Particularly prominent among the enabling technologies used to fabricate BioMEMS is soft lithography, which involves molding these miniature devices from the organic polymer polydimethylsiloxane (PDMS). The Folch lab at the University of Washington, Seattle demonstrates the fabrication of a parallel mixer – a microfluidic device allowing researchers to rapidly subject cells to varying concentrations of applied solutions using computer controlled microvalves made from a thin sheet of PDMS. The process of production of Microfabricated Post-Array-Detectors (mPADs) is described by the Chen lab at University of Pennsylvania who further apply this system to studies of mechanical forces at the single cell level measuring cellular contractility under serum stimulation.

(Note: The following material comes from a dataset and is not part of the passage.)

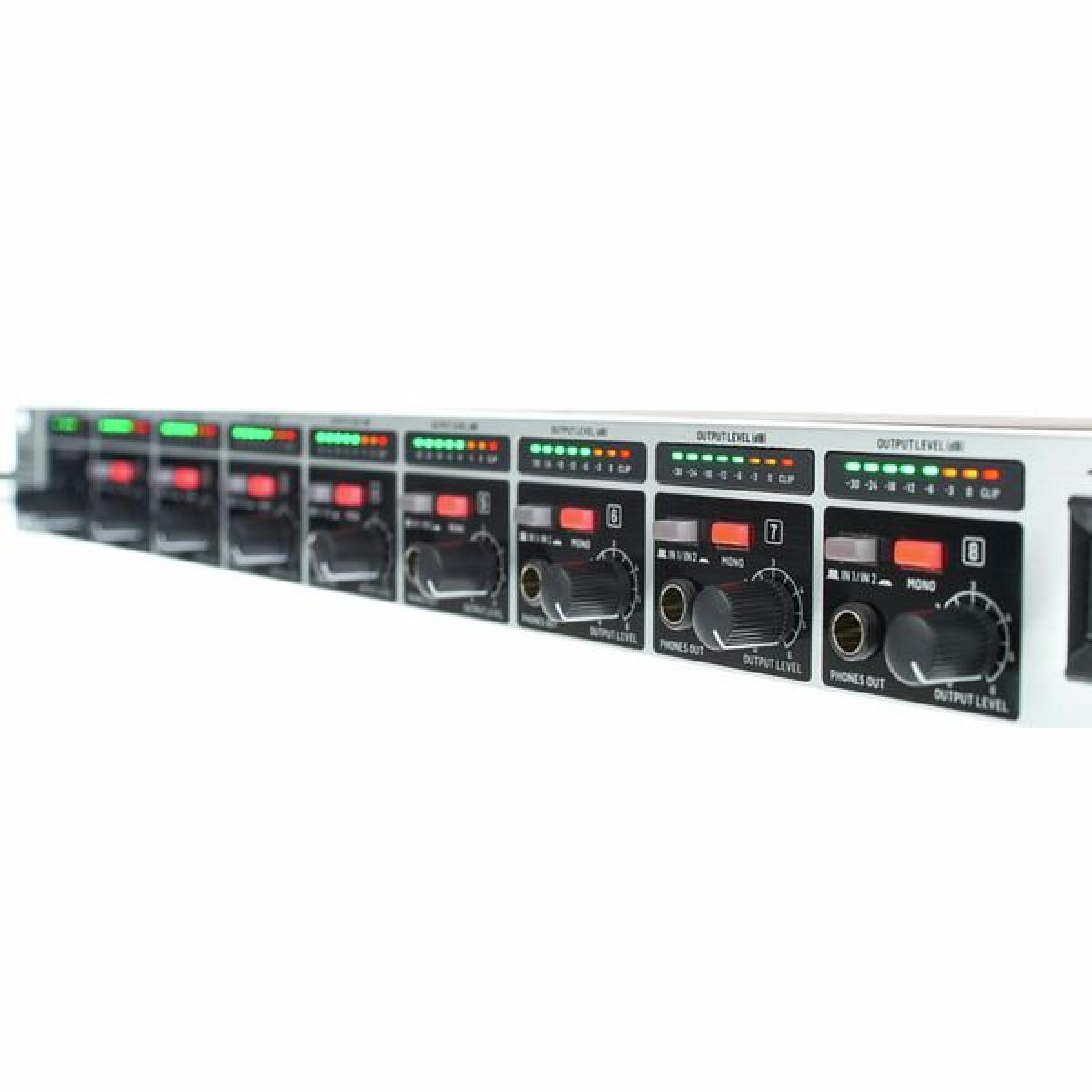 • 2 entradas principales estéreo para dos mezclas independientes de los 8 canales de salida ;

Microfludic devices provide a basis for development of new diagnostic instruments for HIV, cancer and other diseases where precise and cost-effective detection of rare cell types is highly important. The Toner lab at Massachusetts General Hospital demonstrates the process of production of the microfluidic device for capture and analysis of specific blood cell populations such as granulocytes. Application of this technology to immunoflourescent analysis of CD4+ cells is also shown by the Demirci lab (Brigham and Women’s Hospital).

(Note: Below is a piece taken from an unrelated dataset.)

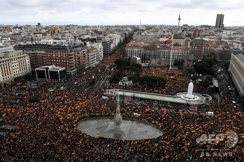 【2月11日 AFP】スペインの首都マドリードで10日、ペドロ・サンチェス(Pedro Sanchez)首相のカタルーニャ(Catalonia)政策に抗議する集会が右派や極右政党の呼び掛けで開かれ、警察発表で4万5000人、主催者発表で20万人以上がコロン広場(Colon Square)とその周辺道路を埋め尽くした。

Cell patterning technologies facilitate development of new approaches to tissue engineering. The Demirci lab describes one such technology based on cell encapsulation and ejection. Another is demonstrated by the Voldman lab (MIT) and allows micro-manipulation of embryonic stem (ES) cell differentiation.
Currently the methods used to apply neurotransmitters to brain slices are restricted to globally applying them over an entire slice, which fails to mimic stimulation patterns typically evoked in vivo. The Eddington group of the University of Illinois, Chicago shares their technique for constructing a prototypical Brain Slice Device, which will allow for precise spatiotemporal application of neurotransmitters to brain slices. Perhaps the most useful feature of this device is the fact that it can be integrated with standard perfusion chambers commonly employed in slice-recording methodology, which will allow for rapid implementation in electrophysiology labs. The Jeon Lab (UC Irvine) performs the procedure for dissociating fetal rat cortex and loading cortical neurons in a microfluidic device designed to fluidically isolate neuron soma and axons. The procedure for doing axotomy (or axon cutting) is also illustrated.
Basic protocols in this issue focus on broadly applicable techniques such as immunohistochemistry on paraffin sections and laser capture microdissection as well as fundamental techniques restricted to disciplines such as immunology and the study of development in chicks.